Coupe à la libellule

Cette petite coupe en verre brun porte au revers de la base la signature de l’exceptionnel maître verrier et céramiste, Emile Gallé (1846 – 1904). Le récipient au col festonné présente un décor émaillé de nénuphars en frise et d’une libellule. Le fondateur de l’École de Nancy a une totale admiration pour la nature et la multiplicité de ses formes et couleurs. Il étudie les plantes, les feuilles, les insectes et imagine des décors naturalistes dont les lignes souples apportent de la légèreté aux volumes. La libellule, avec la cigale et la mante religieuse, est l’un des insectes les plus représentés par Gallé qui, fasciné par cet insecte symbole de renouveau, se surnomme lui-même « l’amant des frissonnantes libellules». Aux motifs végétaux, il associe donc de frêles insectes posant le principe que « si une plante est belle par elle-même, les êtres ailés qui passent leur vie à ses côtés lui apportent un charme particulier».

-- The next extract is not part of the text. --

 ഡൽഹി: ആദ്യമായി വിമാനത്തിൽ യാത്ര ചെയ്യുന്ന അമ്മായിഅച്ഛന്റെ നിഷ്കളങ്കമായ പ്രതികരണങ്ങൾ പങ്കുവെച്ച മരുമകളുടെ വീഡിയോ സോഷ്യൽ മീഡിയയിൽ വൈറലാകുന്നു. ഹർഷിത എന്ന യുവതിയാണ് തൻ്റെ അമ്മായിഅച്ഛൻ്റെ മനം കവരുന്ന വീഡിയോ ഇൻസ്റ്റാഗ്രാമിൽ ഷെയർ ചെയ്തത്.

Pieter Boel, Un aigle et deux spatules

Pieter Boel (Anvers, 1622 – Paris, 1674), artiste d’origine flamande, fut le peintre ordinaire de Louis XIV et surtout l’un des peintres animaliers les plus réputés du XVIIe siècle. Formé auprès de son père, lui-même graveur, il séjourne ensuite en Italie, puis retourne à Anvers où il est mentionné comme peintre jusqu’en 1668. Peu après, il s’installe à Paris et, auprès de Charles Le Brun, est chargé d’exécuter des études pour servir aux tapisseries de la manufacture des Gobelins. Entre 1669 et 1671, il réalise pour la tenture dite « des Maisons royales », 81 études d’oiseaux et de mammifères, pensionnaires de la Ménagerie royale de Versailles. Ces études seront transférées des Gobelins au musée du Louvre avant d’être en partie dispersées dans divers musées de province.

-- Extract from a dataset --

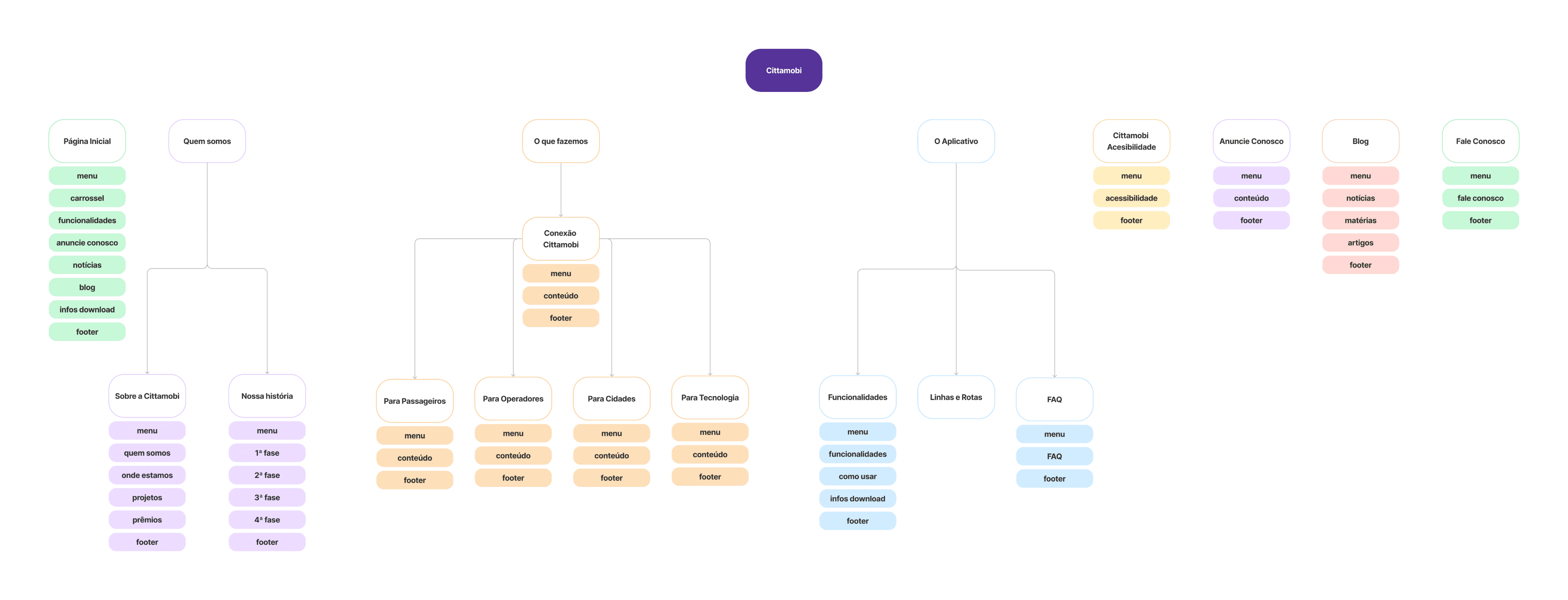 Criação de um sitemap para organizar conteúdos, hierarquia e fluxos de navegação.

Un Aigle et deux spatules et Cinq tortues appartiennent à cette série d’études. Se détachant sur des fonds brun-rouge, les animaux brossés par l’artiste sont cernés d’une auréole verte, bleue ou marron. Fin observateur, Pieter Boel peint un bestiaire en posture naturelle, au repos ou en mouvement, et parvient habilement à figurer les fins détails de la carapace des tortues, l’œil attentif de l’aigle, les pattes élégantes des spatules.

Les deux tableaux, longtemps attribués à François Desportes, ont été exposés au Louvre en 2001 et au château de Versailles en 2009.